A família, base da construção social, degradou-se. Pais já não conseguem mais educar e controlar seus filhos. Por vezes, eles mesmos têm dúvidas em discernir o certo do errado, o meio se lhe apresenta com inúmeras oportunidades para o desvio de conduta, a escola ensina matemática, português, história, geografia, etc., mas não ensina moral, bons costumes, ética e civismo. Existem ainda as atividades ilícitas como o comércio e consumo de drogas, “estar na onda”, os modismos a definir de “caretas” quem não os seguem.

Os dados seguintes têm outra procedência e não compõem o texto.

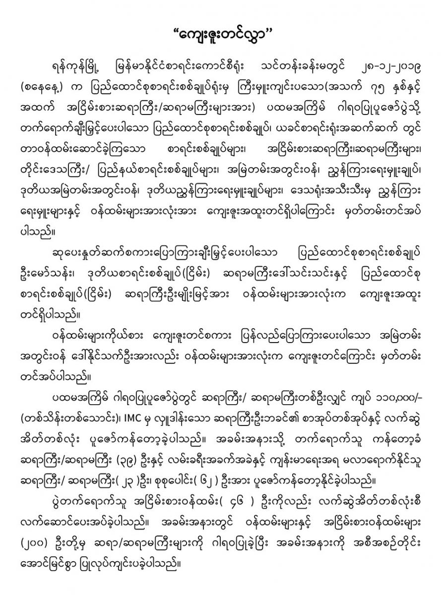 ပြည်ထောင်စုစာရင်းစစ်ချူပ်ရုံးမှ ကြီးမှူးကျင်းပသော ပထမအကြိမ် သက်ကြီးပူဇော်ပွဲ အခမ်းအနား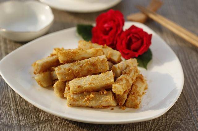 推荐菜谱【金沙山药】 原料: 铁棍山药 咸蛋黄 葱花 油盐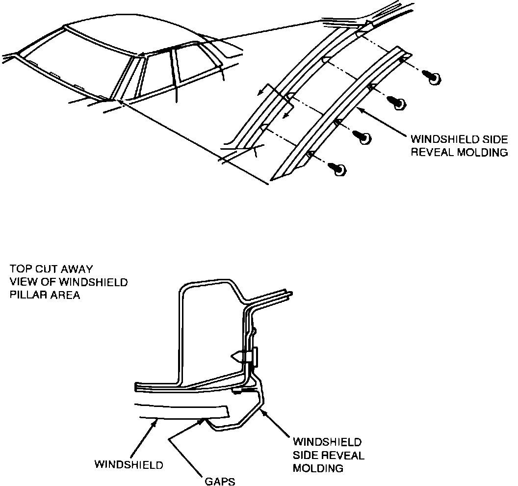WINDSHIELD SIDE REVEAL MOLDING GAPPING TO WINDSHIELD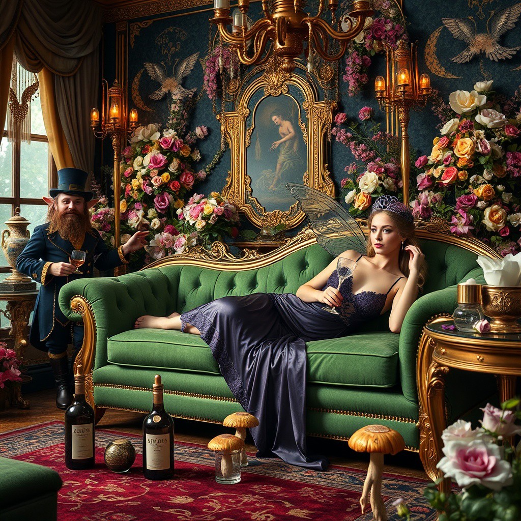 The flashy decoration, the luxurious interior of extravagance, the room full of decorative arts, flowers filling every space, a Fairy queen lying on the green chase lounge with a goblet, wearing a tight purple lace night gown, a leprechaun waiter standing in the corner, silk and satin clothing, two potion bottles and mushrooms on the ground, the focus is on the woman on the sofa, navy blue and gold tones,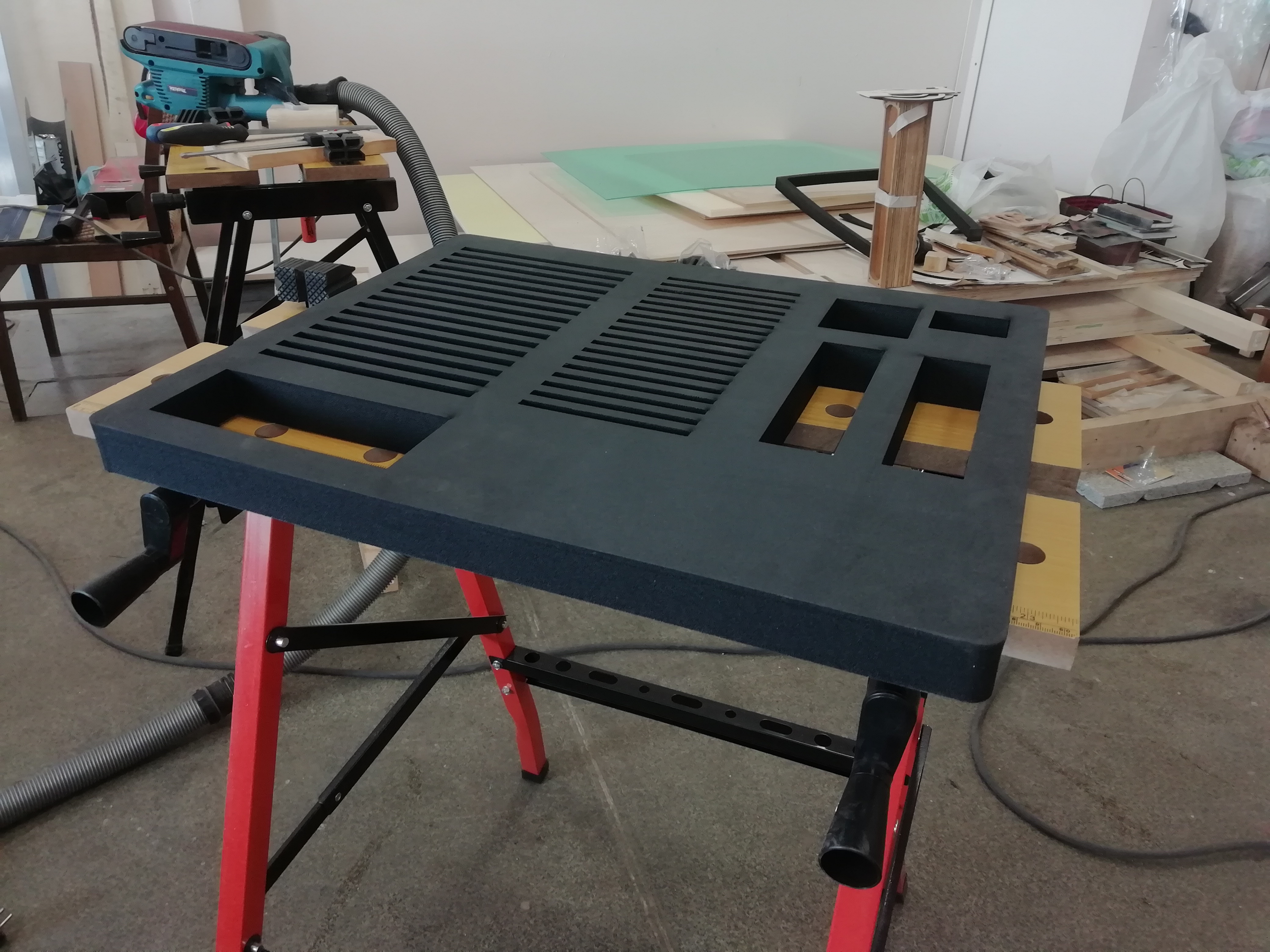 Процесс изготовления изделий околобритвенной тематикиЕщё - ложемент. Этот - для образцов стекла и прочих строй материалов.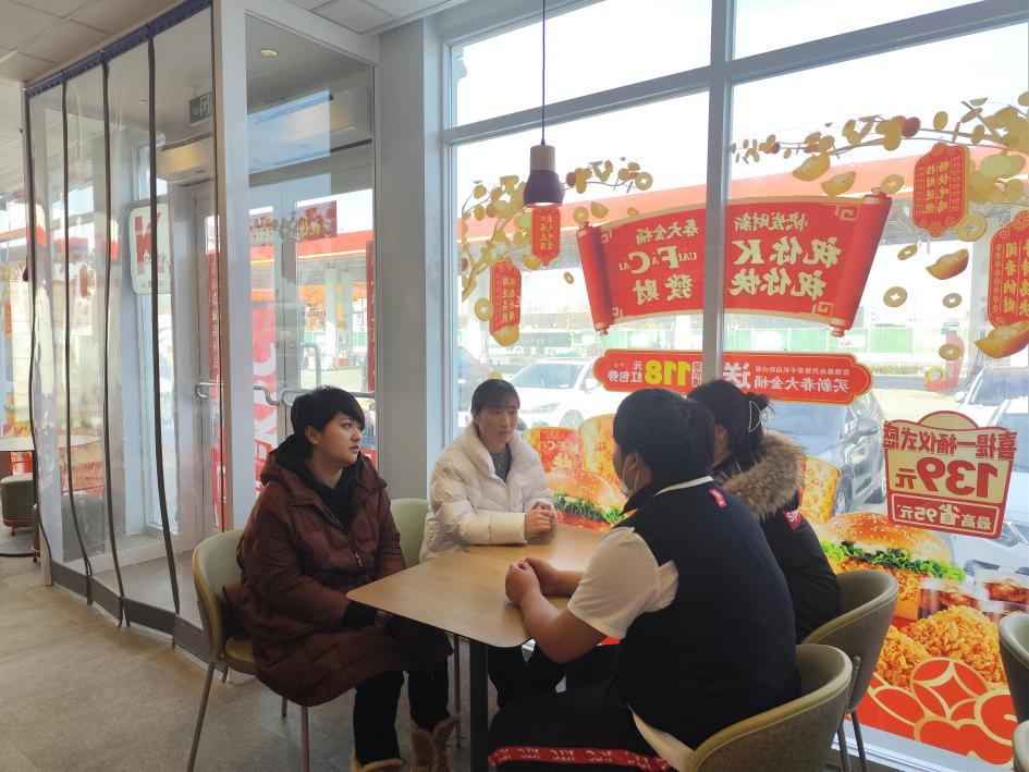 最是情暖岁寒时,一叶一枝总关情。为进一步做好学院拓岗访企和资助育人工作,深入贯彻落实国家和学校的学生资助政策,拓宽学生就业渠道。1月24日,由pg游戏电子模拟器党总支副书记王倩带队,专职辅导员庞轶以及兼职辅导员马晓月前往肯德基商都路博学路中石油店,为正在顶岗实习的家庭经济困难学生送去学校的温暖和新春的祝福。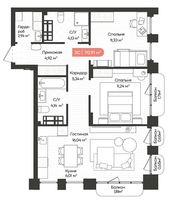 3с - 70.91 м2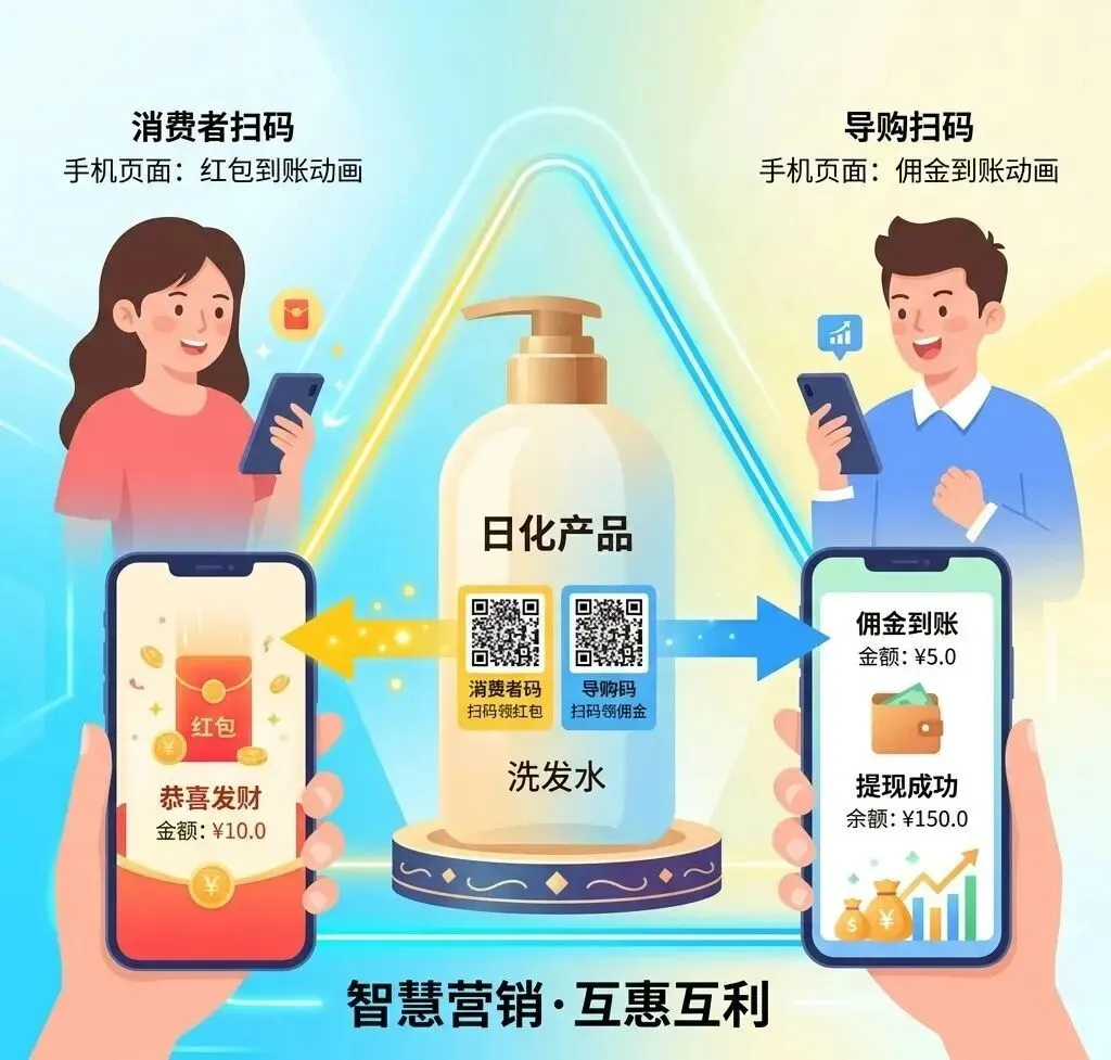 双码联动模式是当前日化行业内最成熟、最具可操作性的解决方案,其核心逻辑为:在每件产品上赋予两个相互关联的二维码,分别为消费者码与导购码。消费者完成产品购买后,扫描消费者码即可领取品牌红包;系统通过二维码关联关系,自动识别该产品的推荐导购,将相应的导购佣金实时划转至导购账户。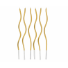 Zestaw 6 długich, cieniutkich świeczek w kolorze złotym, o ciekawym, lekko zakręconym kształcie.

Que estrutura tem o nosso adolescente para contrapor esta situação? A juventude é, seguramente, a grande vítima dessa realidade. Culpados somos nós, pais, empresários, políticos, profissionais liberais, professores, dentre outros, que não lhe oportunizamos outra alternativa. Nossa omissão e negligência nos torna refém e vítima de nossos erros.
Enquanto isso, a legislação passou a proibir o trabalho para menores. Estava criado o cenário perfeito para o desvio de conduta: pais ausentes, estado omisso, maus exemplos e ociosidade infanto-juvenil.
Mas quem pode ocupar o vácuo criado com esta omissão de tantas instituições – família, estado, escola? Além de cada uma delas ter que repensar seu papel na construção de uma sociedade mais justa, honesta e geradora de esperança, estou convencido de que a religiosidade espontânea ou induzida possa ajudar a resgatar os valores morais e éticos da sociedade. Independente de credo ou religião, as igrejas podem dar uma contribuição importantíssima na construção de uma sociedade harmônica, resgatando valores, fazendo entender o papel de cada um, mostrando o ser como fator de felicidade acima do ter, fazendo ver o quanto nossa vida e as coisas terrenas são efêmeras, desenvolvendo uma sociedade mais humana, mais justa, mais solidária, mais compreensiva e respeitosa.
O estado, na sua (in)competência, precisa entender que apoiar as iniciativas que, honestamente, busquem através da educação religiosa a criação da sociedade ideal, deve incentivar e intervir para que isso passe a ser uma realidade. A inclusão, com mais intensidade, de disciplinas escolares que busquem reparar a perda da família como centro da formação social, é fundamental. Professores ligados à educação religiosa, moral e cívica precisam ter carga horária maior e a eles deve-se dispensar maior capacitação, pois formarão o cidadão no seu caráter e não só nas atividades profissionais. Isto é o mínimo que o estado deve fazer.
As medidas repressivas, diante da atual situação, não são necessárias, porém, a reestruturação da sociedade passa pelo resgate de valores morais, éticos e religiosos. A religiosidade é arma importante no combate à violência.